# Requirement
Every line below needs to be printed again exactly, without any of its pictures.

# Provided data
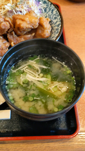 初めてお邪魔しました。 お店の存在は知っていましたが いつもお店の前にお客さんが並んでおり 気になっていました。 開店15分前に到着。 どうやらお昼の定食は限定20食。 開店少し前に入店。 あれよあれよとお客さんでいっぱい。 開店早々に20食は完売。 常連さんが多いようです。 早めに来たから入れましたが ビギナーには難易度高め。 定食のビジュアルが凄い。 また内容の充実振りに驚く。 本日のメインは唐揚げに甘辛いタレが かかったもの。 小鉢も充実。 ナスの煮浸しがとてもおいしかった。 特筆はやはりお味噌汁のおいしさ。 お味噌汁がおいしいお店は料理も旨い。 しかもこの内容で¥900。 もう脱帽です。 このお店はとてもいい。 でも来る時は開店より早めに来ないと 限定20食にはあり付けない。 もう大満足。 また夜もお邪魔したいと思いました...
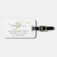 A minimalist gold and black monogram stylish luggage tag on a white background, contrasted with a serif typography name.
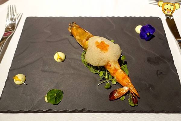 大虎蝦·日本鮭魚卵·鮮蝦醬汁泡泡·細香蔥美乃滋

# Answer
 初めてお邪魔しました。 お店の存在は知っていましたが いつもお店の前にお客さんが並んでおり 気になっていました。 開店15分前に到着。 どうやらお昼の定食は限定20食。 開店少し前に入店。 あれよあれよとお客さんでいっぱい。 開店早々に20食は完売。 常連さんが多いようです。 早めに来たから入れましたが ビギナーには難易度高め。 定食のビジュアルが凄い。 また内容の充実振りに驚く。 本日のメインは唐揚げに甘辛いタレが かかったもの。 小鉢も充実。 ナスの煮浸しがとてもおいしかった。 特筆はやはりお味噌汁のおいしさ。 お味噌汁がおいしいお店は料理も旨い。 しかもこの内容で¥900。 もう脱帽です。 このお店はとてもいい。 でも来る時は開店より早めに来ないと 限定20食にはあり付けない。 もう大満足。 また夜もお邪魔したいと思いました...
 A minimalist gold and black monogram stylish luggage tag on a white background, contrasted with a serif typography name.
 大虎蝦·日本鮭魚卵·鮮蝦醬汁泡泡·細香蔥美乃滋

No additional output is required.